The Nuevo Leon apartment building, where hundreds probably died, is part of the Tlatelolco complex. Similar structures in the neighborhood begun to lean menacingly, housing officials said. Of the 101 buildings standing in the neighborhood, 18 are said to be uninhabitable.
Some residents camped out in the parklike areas between buildings and took turns at night guarding their former residences.
One camper, musician Luis Rojas, said he was tired of the cold and would soon go to a hotel. “When my money runs out, I don’t know what I’ll do,” he said. He was afraid of going to a refugee camp because of possible disease, although medical personnel appeared to be stationed at several shelters in the city.
Red Cross Shelters
The Red Cross has set up 300 shelters for the homeless. The city government has established many others, but hundreds of people are still camping on the city’s broad boulevards. It is impossible to count the homeless, whose numbers have been estimated at between 20,000 and 250,000.
Mayor Aguirre said that damaged buildings in the city will be inspected to determine whether builders had complied with the building codes in effect when the construction was completed.

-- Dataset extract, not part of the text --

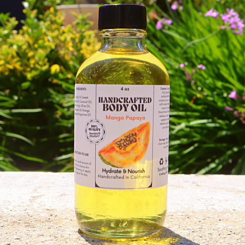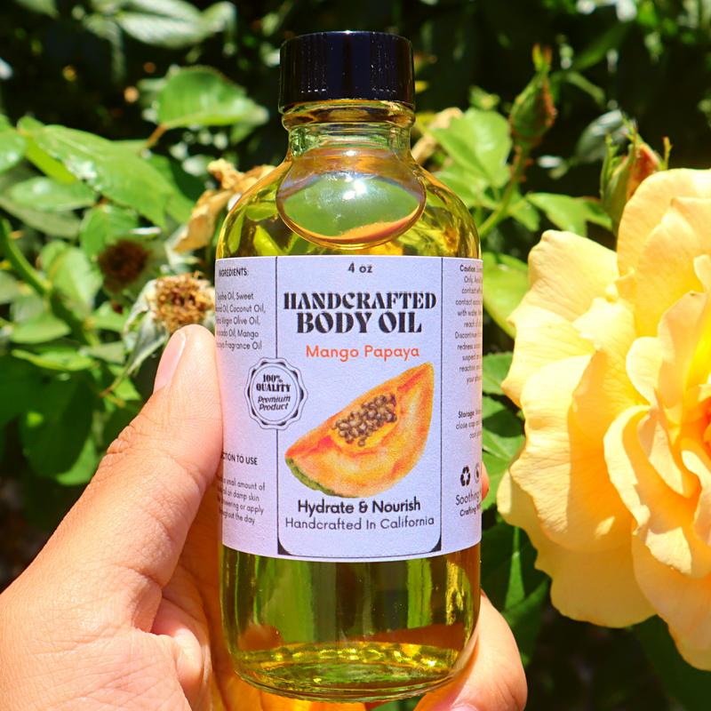 Give your skin, hair, and cuticles the tropical care they deserve with our 4 oz Multi-Use Mango Papaya Oil! Handcrafted with love, this lightweight, fast-absorbing oil locks in moisture, adds a natural glow, and strengthens from head to toe โ all with a delicious, fruity mango papaya scent.

“If the specifications do not match, those responsible . . . will be punished according to law,” Aguirre said.
Mexico has enacted several different building codes in recent decades, often changing them following tremors.
Critical Water Shortages
On Sunday, water shortages grew critical as it became evident that it will take weeks to repair broken pipes and aqueducts. The center of the city has been without water since Thursday. Even residents of those neighborhoods with water were urged to boil it to avoid possible typhoid infection. About 500 water trucks were making deliveries in the hardest-hit areas.

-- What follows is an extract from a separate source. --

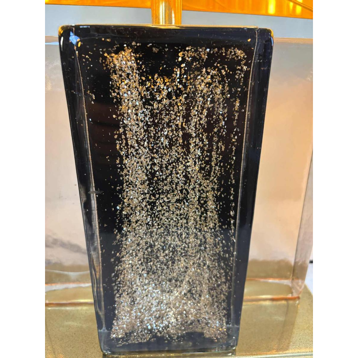 Spectaculair paar Italiaanse lampen van geblazen Murano glas, ingelegd met gouden vlokken.
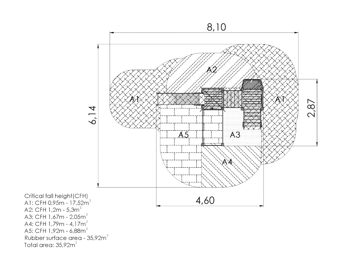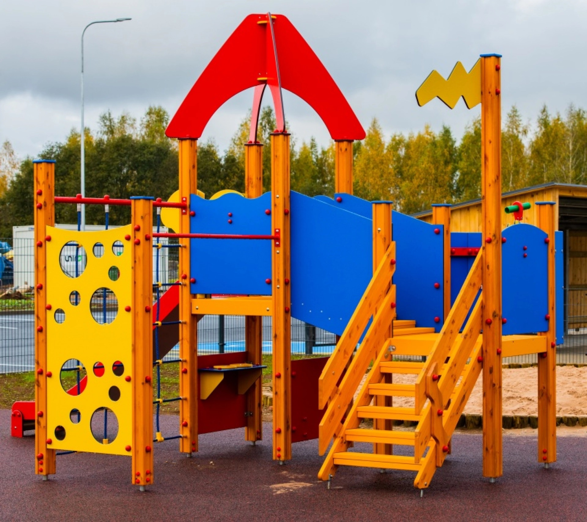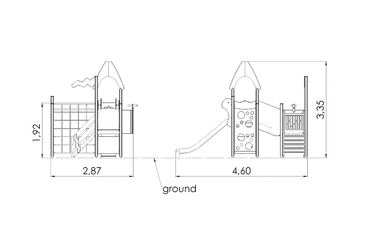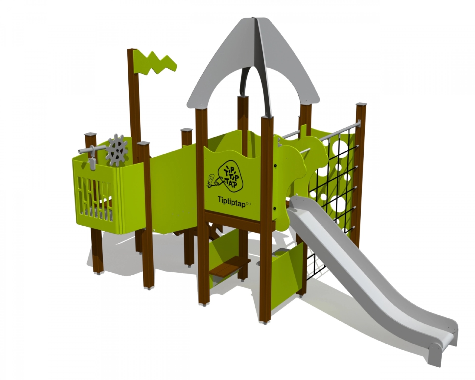 Žaidimų centras su trimis platformomis, laiptais su turėklais, laipiojimo tinklu, čiuožykla, skersiniu ir laipiojimo sienele su skylėmis. Žiūronai, kapitono vairas ir žaidimų kampelis su suoliuku, kuriame įrengti virtuvės arba automobilio prietaisų skydelio elementai, patenkina vaidmenų žaidimų poreikius. Žaidimų centro šoninius skydelius galima keisti įvairiomis veiklos sienelėmis arba teminiais spausdintiniais skydeliais (gyvūnai, paukščiai, žuvys, medžiai, uogos ir t. t.). Skydų dizainas bus galutinai suderintas su klientu užsakymo metu.

About 40% of telephone lines are operating in the city, the Communications and Transport Ministry said. A few long-distance lines have opened, but regular international service will take weeks to restore.
No attempt has been made to estimate the cost of the damage, although it will surely run into the hundreds of millions of dollars. The government has established a bank account at the Nacional Financiera Bank to take cash donations from abroad.